Types of Outage: You want to write a plan for every sort of unplanned or planned outage that can occur, because they will require different steps to resolve them.

Spend a LOT of time thinking about the sort of outages that can occur with any ITbased service. E.g. Are you hosted on Google Cloud? What happens if the Gmail goes out during a Google Cloud Outage? What happens if there’s a weather event and your phone service is knocked out? What happens if Slack is unavailable?

This is a plan for the worst, so think of the worst!

Steps to Resolution: The steps or checklist for how to resolve the outage. You can use this guide as a framework for writing this.

You want to also include any special procedures your IT-based service or infrastructure requires to work with. E.g. Server / program shutdown order, how to bring a single one offline, who and where to obtain passwords from, etc.)

Assign Clear Responsibility: Detail exactly who is responsible for carrying out the steps above, so there’s no confusion or doubt. All anyone needs to do is check the plan to see who needs to be contacted, or who should be doing what.

You can use some simple monitoring platforms to inform the people responsible when an issue occurs.

Make sure there is one clear person in charge called the ‘Incident Commander’. This means you won’t end up with a scenario in which there’s ‘too many cooks’ or people in charge.

Also, make sure the people involved have the authorization to fix the outage quickly. E.g. If power goes down in the building, it’s not an IT problem—who has the authority to get it fixed quickly?

SLAs: Make sure to include which outages are covered by a Service Level Agreement (SLA)! This way, you’re not rushing around during an emergency demanding your Service Provider fix the problem, only to find out your SLA doesn’t cover it and you wasted valuable time.

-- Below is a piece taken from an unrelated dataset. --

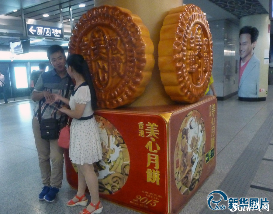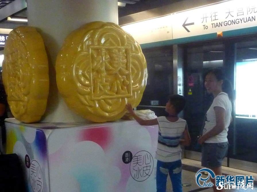 北京: 巨型“月饼”亮相地铁站 中秋“商战”悄然起

Remember to keep your SLAs in a known, safe spot for when this time comes.

Escalations: Detail in your plan the additional steps you need to take if things are getting held up. E.g. If the problem cannot be easily fixed, if the SLA provider exceeds the time limit, if a large data loss has occurred or will occur, etc.

This way, your plan will cover both minor and major incidents, especially if they become progressively worse. You can also use a monitoring program to provide automatic escalation if the issue is not resolved, sending a message to the next person in the chain.

Internal Communications: Before an outage even occurs, there should be a means of conference set up. This should ideally be something that leaves a record, like a Slack room named #outage. Think of it as a war room for when things go wrong. You also might want to use a issue and project tracking software like JIRA.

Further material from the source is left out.